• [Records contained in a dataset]

━━━━

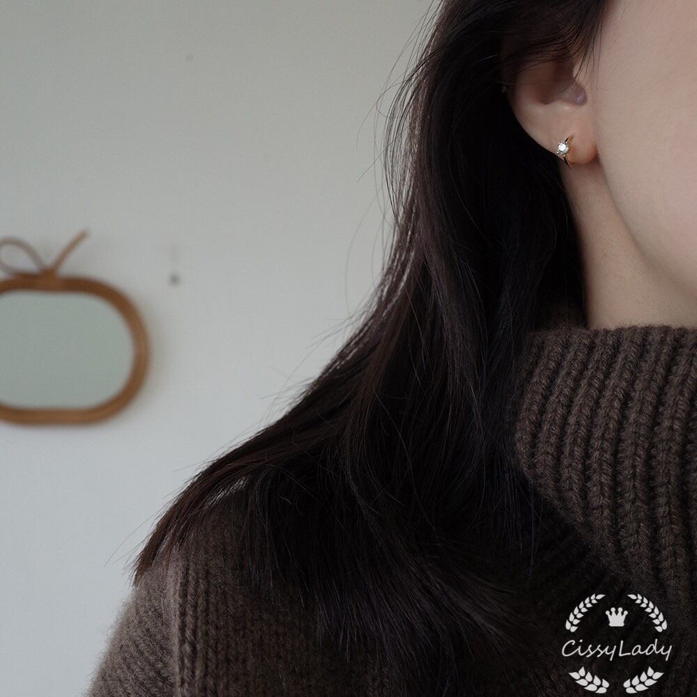 Sv925純銀製 シンプル 一粒 半フープ ピアス 可憐 E8120
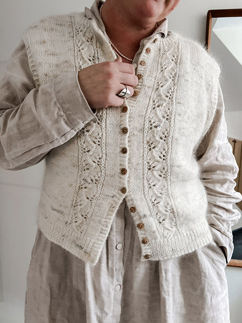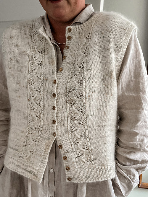 Sakura Open Vest is a versatile and classic top that can be used as both a vest and a top. Knitted in a summer-friendly yarn, it makes a cute summer top, while you can also use it as a vest or sleeveless cardigan over dresses, shirts, etc.
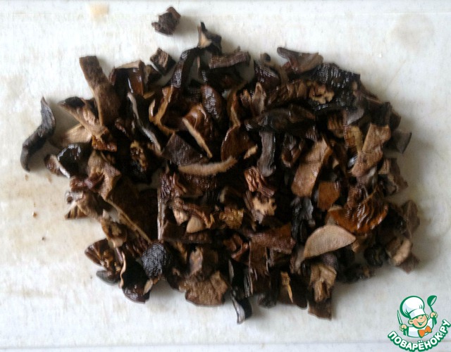 Тем временем сушеные грибы размокли, режу их мелко.
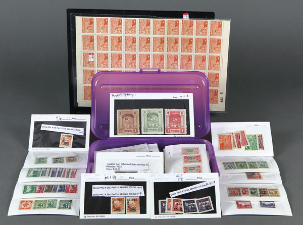 4334 imageChina (People's Republic) - Liberated Areas, Useful and Fresh Stock Compilation, many hundreds of stamps, mostly full sets, in glassines or on dealer cards, including most regions of this popular collecting area; many identified by either Scott or Yang number, with strength in East China issues; present are singles, pairs, blocks (including a couple imprints), imperforates, even a Revenue Stamp for Fourth Class Cigarettes (Paau #LA50) and a full sheet of 100 #5L77 (folded, but yielding four imprint blocks); fresh throughout with clean detail and generally fresh color, Fine to Very Fine with much better, fully imaged online. Shipping charges apply - weight 2.2 lbs. (PDF for this Lot) (PDF2 for this Lot) (Image1) (All Images)
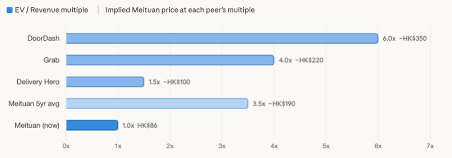 I see a reclassification story. The market values Meituan at roughly 1x EV/Revenue, versus DoorDash at 6x, Grab at 4x. Part of that gap is the China discount. But part is a classification error. If Meituan is “just” food delivery, the discount is deserved. If Meituan is the default operating system for local demand in China, with delivery as backbone, membership as retention engine, advertising as monetization layer, AI as interface, and fulfillment as infrastructure, then the stock is materially undervalued even after the margin reset.
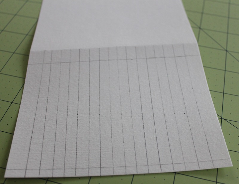 I measured three .5cm margins and one .25cm margin around the outer edge of the card. Inside the margins, I measured and sketched out fifteen .75cm parallel lines.
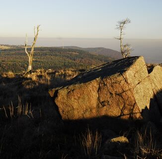 Wir parken beim Restaurant Rozcestí und machen uns auf den Waldweg nach Westen zum höchsten Berg des östlichen Erzgebirges – Loučná. Dort gibt es Felsen, die dem Ort eine raue und fotogene Atmosphäre verleihen....
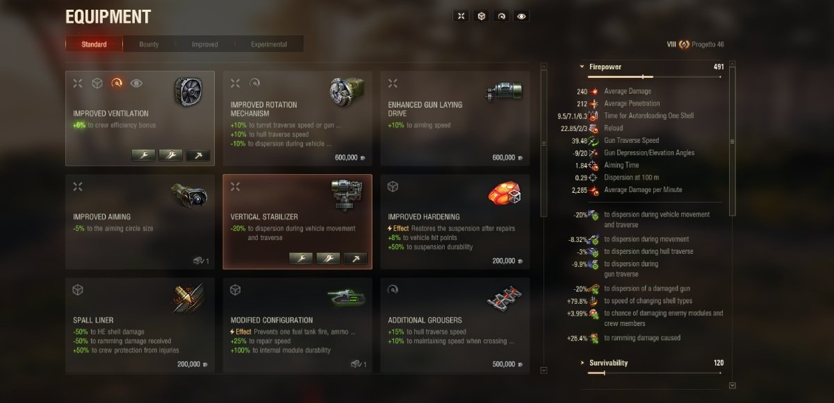 - Vents: Improved Ventilation, commonly referred to as Vents, enhances all crew skills by five percent. This seemingly modest boost has a significant impact on your overall performance. Faster aiming, quicker reload times, improved mobility, and better view range all contribute to battlefield dominance. Vents are especially effective when combined with crew skills and consumables, stacking performance benefits across multiple areas. If you aim to get the most out of your tank and crew, Vents are a must-have piece of equipment.
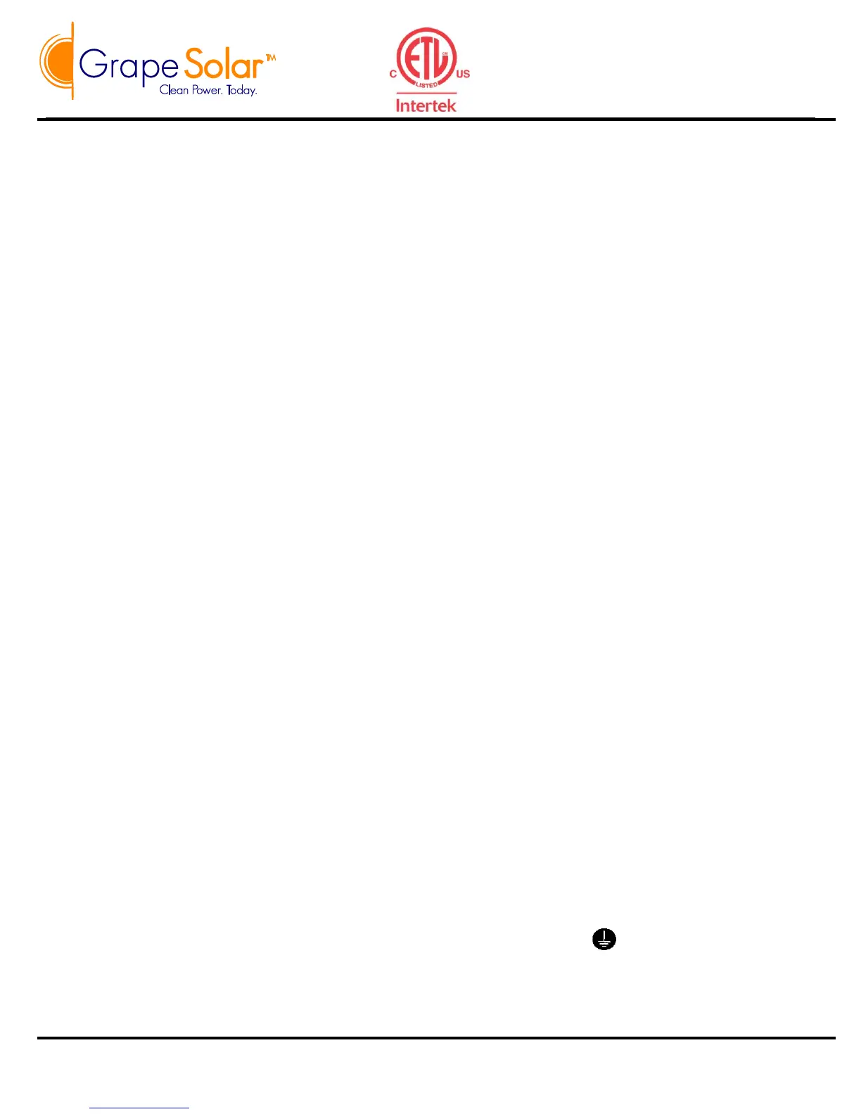 4.3 Each PV module has 2 holes on back frame with grounding sign . Grape Solar recommends

━━━━

• [REQUIRED ACTION] Your task is to repeat exactly the lines from the beginning of the data to the line that contains "Wir parken beim", both ends included, leaving out pictures.

• [PROBLEM SOLUTION]
 Sv925純銀製 シンプル 一粒 半フープ ピアス 可憐 E8120
 Sakura Open Vest is a versatile and classic top that can be used as both a vest and a top. Knitted in a summer-friendly yarn, it makes a cute summer top, while you can also use it as a vest or sleeveless cardigan over dresses, shirts, etc.
 Тем временем сушеные грибы размокли, режу их мелко.
 4334 imageChina (People's Republic) - Liberated Areas, Useful and Fresh Stock Compilation, many hundreds of stamps, mostly full sets, in glassines or on dealer cards, including most regions of this popular collecting area; many identified by either Scott or Yang number, with strength in East China issues; present are singles, pairs, blocks (including a couple imprints), imperforates, even a Revenue Stamp for Fourth Class Cigarettes (Paau #LA50) and a full sheet of 100 #5L77 (folded, but yielding four imprint blocks); fresh throughout with clean detail and generally fresh color, Fine to Very Fine with much better, fully imaged online. Shipping charges apply - weight 2.2 lbs. (PDF for this Lot) (PDF2 for this Lot) (Image1) (All Images)
 I see a reclassification story. The market values Meituan at roughly 1x EV/Revenue, versus DoorDash at 6x, Grab at 4x. Part of that gap is the China discount. But part is a classification error. If Meituan is “just” food delivery, the discount is deserved. If Meituan is the default operating system for local demand in China, with delivery as backbone, membership as retention engine, advertising as monetization layer, AI as interface, and fulfillment as infrastructure, then the stock is materially undervalued even after the margin reset.
 I measured three .5cm margins and one .25cm margin around the outer edge of the card. Inside the margins, I measured and sketched out fifteen .75cm parallel lines.
 Wir parken beim Restaurant Rozcestí und machen uns auf den Waldweg nach Westen zum höchsten Berg des östlichen Erzgebirges – Loučná. Dort gibt es Felsen, die dem Ort eine raue und fotogene Atmosphäre verleihen....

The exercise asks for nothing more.